Apple’s iPhone Event to be Streamed on Youtube

This story courtesy 9to5Mac:

Over the last several years, Apple has gradually been expanding the ways people can tune into its various keynotes. This year, Apple is further expanding its efforts and will stream the September 10th iPhone 11 event on YouTube.

For those with long memories, for a long time the only way you could actually stream Apple’s events was through Safari and/or an Apple device, and then Microsoft Edge. Grabbing the direct stream via something like VLC was possible but required a level of technical know-how; expanding to Youtube dramatically boosts the potential audience for this. A fun little historical footnote on the slow trend of a far more open Apple under Cook.

The Talk Show Live From WWDC 2019

This year at WWDC John Gruber hosted Craig Federighi and Greg Joswiak on-stage for the live edition of The Talk Show. Some impressions:

  • The ASIC in the Mac Pro used to accelerate ProRes workflows is reprogrammable. I wonder if Apple’s going to offer different flavors for other industries to try and help push adoption into areas that Apple has very little toeholds in; while they remain very strong in desktop and web publishing, video, and color correction, high-end post production and niches like scientific modeling are often dominated by UNIX or specialized tools.
  • No price on the Mac Pro’s wheels were given.
  • With Sidecar, Apple is doubling down on the MacBook Pro’s Touch Bar, offering it in virtual form on users’ iPads regardless of the Mac you’re using the iPad with.

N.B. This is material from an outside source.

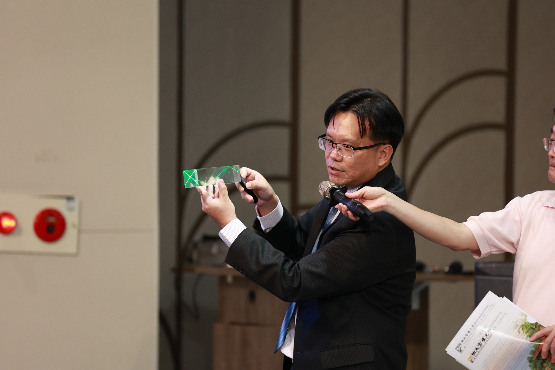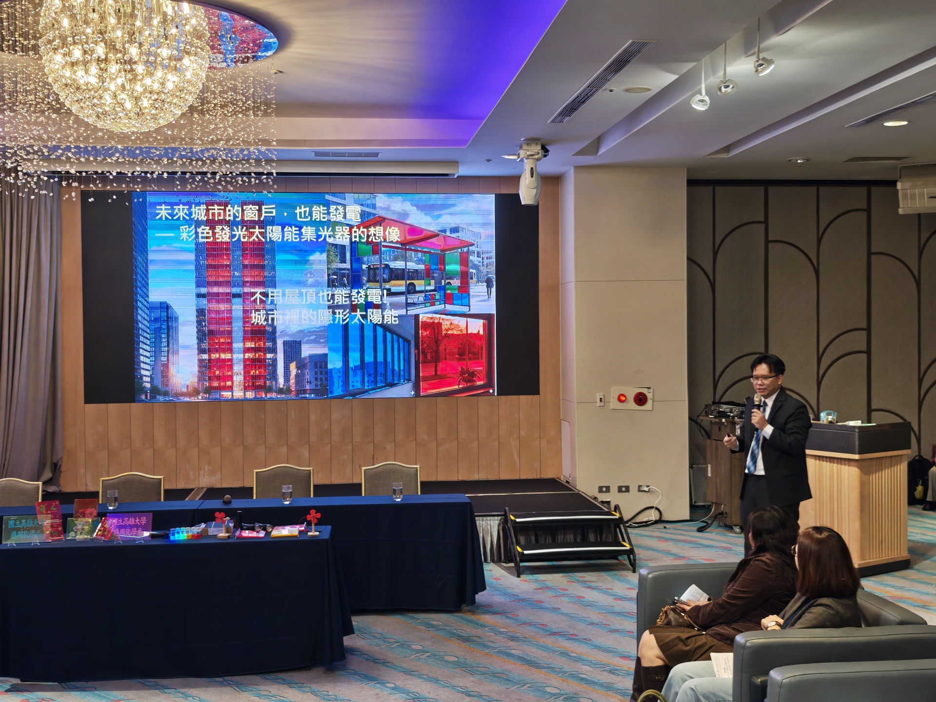 他進一步說明,目前展示的裝置屬於概念驗證與原型階段,研究重點在於證明導光與發電機制的可行性。後續將持續優化螢光材料的穩定性與導光效率,並評估放大尺寸、耐候性與實際建築整合等課題,逐步朝向實務應用推進。

I’m guessing that alongside the rumors of a 16″ MacBook Pro that retains the Touch Bar and only adds back the escape key, they are going to keep it around, and having it be “universal” even to Macs that don’t have it is a way of encouraging developers to use it.
  • There are some good tidbits about crafting the keynotes, including the fact that there are metrics for how many slides each presenter can get through in a minute.
  • Apple will probably never be able to replicate Jobs’ personality and showmanship, but I think it’s inarguable that Federighi is the most entertaining of Apple’s presenters and certainly the one who seems to have the most rapport with the WWDC especially. Joswiak and Federighi’s banter is part of what gives Apple a real personality instead of feeling scripted.